Areas with high HH and HL values proved statistically significant for the distribution of synecological groups (Table 9). They account about 24% of variability at P < 0.05. The other variables were not statistically significant. RDA analysis for synecological groups (Fig. 5) demonstrated a distinct correlation between the number of segetal (N _S), ruderal (N _R), and taxonomically unidentified species (N _UN) and the typically U habitat indicators (PU, Ro). HH has great significance for the other groups, including F species (N _F). All these indicators are positively correlated with the first axis, which accounts for 41% of total variability of the sample. The proportion of A areas exhibits a negative correlation with the two axes, but it is not correlated with any of the synecological species group.
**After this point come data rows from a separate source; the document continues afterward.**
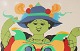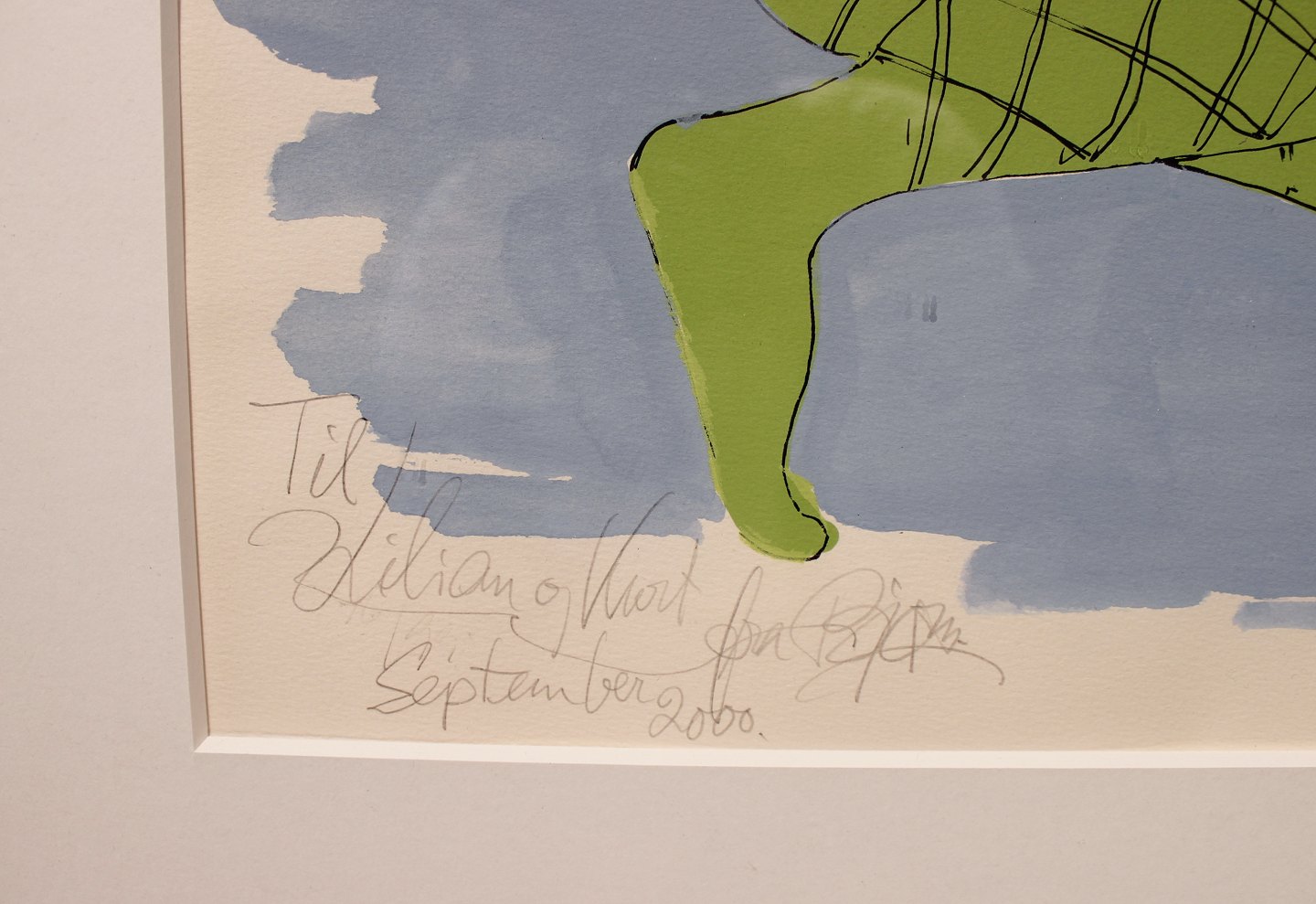Lithographic print signed by Bjørn Wiinblad with silver frame.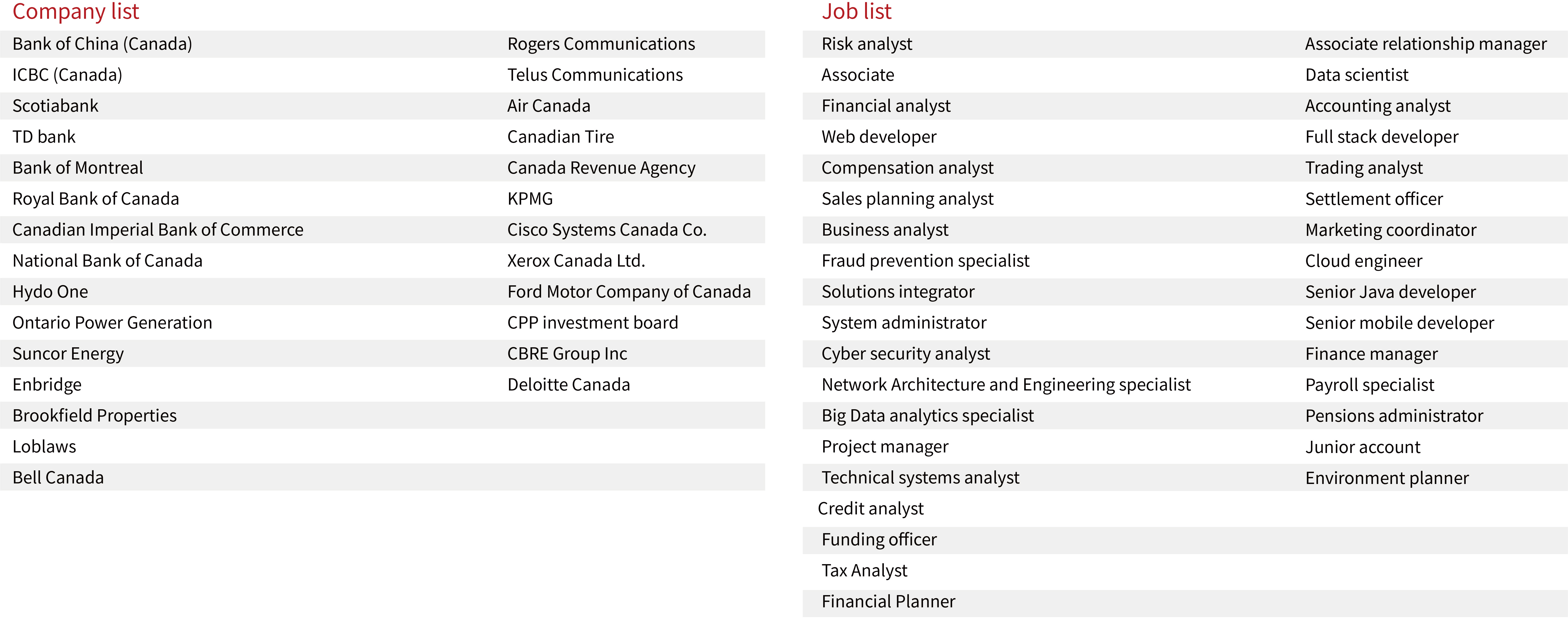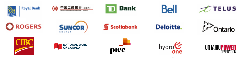 已成功帮助完成就业培训的学子们拿到加拿大上市公司或大型企业或政府机关的工作机会。如:安大略省政府(Government of Ontario)、加拿大皇家银行(Royal Bank of Canaa)、丰业银行(Scotiabank)、中国工商银行(加拿大)、贝尔电信集团(Bell Canaa)、森科能源集团(Suncor Energy)、安省第一电力公司(Hyro One)等。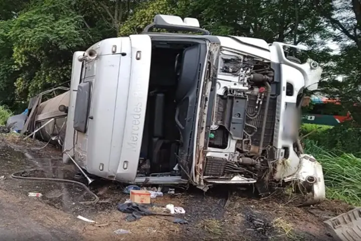 O veículo transportava uma carga de piche, que atingiu a menina e queimou grande parte do seu corpo. Ela precisou ser encaminhada de helicóptero para um hospital de Curitiba onde estava internada.

Ruderal (N _R) and segetal (N _S) vegetation is concentrated in the highly transformed habitats of the central part of the transect; its lowest proportion was observed in peripheral areas. The distribution of segetal vegetation (N _S) partly corresponds to that of archaeophytes (N _AR) (Table 6). The proportion of segetal taxa, which is lower than that of ruderal taxa, is associated with changes in A management and subsequent transformation into residential areas. The occurrence of ruderal (N _R) and segetal (N _S) vegetation exhibits a high positive correlation with the typically U habitat indicators (PU, HL, U) and Ro (Table 5), in contrast to A habitats. The number of F species (N _F) clearly declines toward the NE. This synecological group is the most abundant in the southern peripheral areas, which comprise F squares. In more transformed parts of the city, F species colonize replacement habitats, e.g., parks, cemeteries, tree buffer strips. Meadow vegetation (N _M) exhibits a mosaic distribution. The number of meadow species is homogenous in all types of habitats (Table 6). They prefer fresh and wet habitats and occur alternately with xerothermic grass species, which predominate on loess plateaus. The number of meadow species (N _M) exhibits a significant positive correlation with the proportion of U habitats and a negative correlation with the proportion of the A habitats (Table 5). Additionally, xerothermic species (N _X) occur on high Ra and Ro embankments and along roadsides. This is promoted by loess substrate, southern or western exposition, and artificial enrichment of the substrate with calcium carbonate. The increasing proportion of U habitats clearly contributes to the occurrence of xerothermic species (Table 5).